Given this result, we expect that in cases where we predict a fan-in motif within a protein complex, the A and C proteins have negative genetic interactions with each other. To address this, we compared fan-in A–C pairs with randomly chosen pairs from the same protein complex (that is, non-motif A–C pairs). Our results reveal that the fraction of negative genetic interactions increases by 50% when applying the evolutionary motif (from 23.5–35.8%; one-tailed Fisher’s exact test; P=0.00085; Fig. 3c). It should be noted that this enrichment of negative genetic interactions is not owing to the functional complementation by homologous genes resulting from intra-complex gene duplications, as the results are hardly affected by removing homologous gene pairs (from 22.7–33.0%; one-tailed Fisher’s exact test; P=0.012; Fig. 3c). As protein complexes are not necessarily active in standard laboratory conditions where genetic interactions have been measured, we expected that our test underestimates the predictive power. Indeed, when selecting for only protein complexes that are active in the cell (that is, B is essential) the predictive power even doubles (from 24.5–49.2%; one-tailed Fisher’s exact test; P=4.39e−05; Fig. 3c). Thus, the evolutionary model can predict protein pairs that have a negative genetic interaction significantly and substantially more often than random pairs from protein complexes. To further assess the performance of our model, we compared the prediction precision and sensitivity of it with a model by Pandey et al.¹⁸ by mapping their results to the protein complexes. This model has the highest known prediction accuracy and is also independent on genetic interaction information as input. Interestingly, our model has a twofold higher prediction precision (precision—TruePositives/TruePositives+FalsePositives: 0.36 versus 0.18; sensitivity—TruePositives/TruePositives+FalseNegatives: 0.47 versus 0.78). Notably, our model still has a precision of >0.3 when parameterized to the same sensitivity as Pandey’s model (Supplementary Fig. S3).

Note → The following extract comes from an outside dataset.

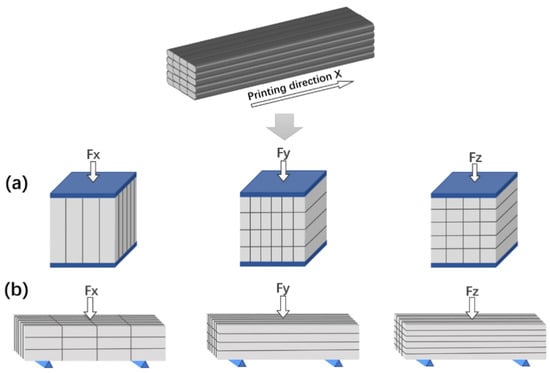 Printing direction and (a) compressive test loading based on printing direction (b) flexural test load applications based on printing direction—reprinted from Liu et al. (2022) [] under licence number 5993650995985.
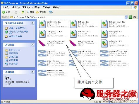 选中mod_authz_svn.so与mod_dav_svn.so两个文件,选择拷贝,进入Apache安装目录,c:Program FileApache GroupApache2mudules,将拷贝的文件黏贴到这里。回到Apache安装目录的conf目录下, c:Program FileApache GroupApache2conf,文本编辑器打开httpd.conf文件,这个文件是Apache的配置文件,非常重要。找到下面这两行:

In total, our model predicted 273 A–C pairs in evolutionary fan-in motifs in S. cerevisiae protein complexes, for most of which (60%) a genetic interaction has not been measured. However, to provide empirical evidence for the predicted negative interactions, we exploited available genetic interaction data in Schizosaccharomyces pombe and Drosophila melanogaster via orthology definitions from STRING7.0 (ref. 29). Following this approach, we found that for ten out of our A–C pairs a genetic interaction has been experimentally found in either in S. pombe or in D. melanogaster and, as expected, most cases (8/10) show a negative genetic interaction in those species (Supplementary Data 1).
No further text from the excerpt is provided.